1.1.1. The FM as a Prediction Engine
💡 First Principle: Transformer models work by computing attention scores that let every token in a sequence attend to every other token — this global attention mechanism is what allows FMs to handle long-range dependencies, follow complex instructions, and reason across multi-step chains.
Modern foundation models are built on the transformer architecture introduced in the 2017 "Attention is All You Need" paper. The critical mechanism is self-attention: when processing a token, the model learns to weight the importance of every other token in the context. This is why increasing context window size is computationally expensive (attention scales quadratically with sequence length) and why long-context models are more expensive to run.
Key concepts the exam assumes you know:
| Concept | What It Means | Why It Matters for System Design |
|---|---|---|
| Token | The base unit of text (≈ 0.75 words on average) | Cost and limits are token-based, not word-based |
| Pre-training | Initial training on massive corpus; sets base capabilities | You can't change pre-training via Bedrock — it's baked in |
| Inference | Running the trained model to generate output | What Bedrock does — you pay per token of input + output |
| Parameters | The model's learned weights (billions to trillions) | More params ≠ better for all tasks; see Domain 2 |
| Context window | The total token limit for input + output combined | Determines what the model can "see" in one call |
| Temperature | Controls randomness of token selection | Higher = more creative/varied; lower = deterministic |
Autoregressive generation: FMs generate output one token at a time, with each new token conditioned on all previous tokens.

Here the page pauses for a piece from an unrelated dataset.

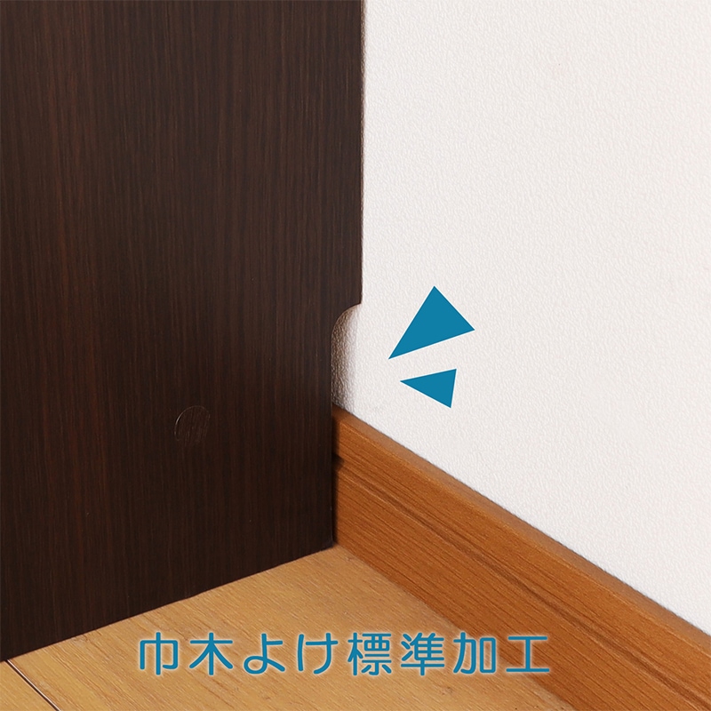 壁とラックの間に隙間があかないよう、巾木をよけるための加工がされています。

This is why streaming responses become possible (you can emit tokens as they're generated) and why truncating output mid-stream creates inconsistent results.
⚠️ Exam Trap: Candidates often confuse context window limits with memory. The context window resets every API call unless you explicitly pass conversation history. "Memory" in an agent or chatbot is always implemented externally — in DynamoDB, in Bedrock Knowledge Bases session context, or in custom stores.
Reflection Question: If a foundation model generates text by predicting statistically likely next tokens rather than retrieving facts, what architectural component must a production system add to ensure factually accurate responses about proprietary company data?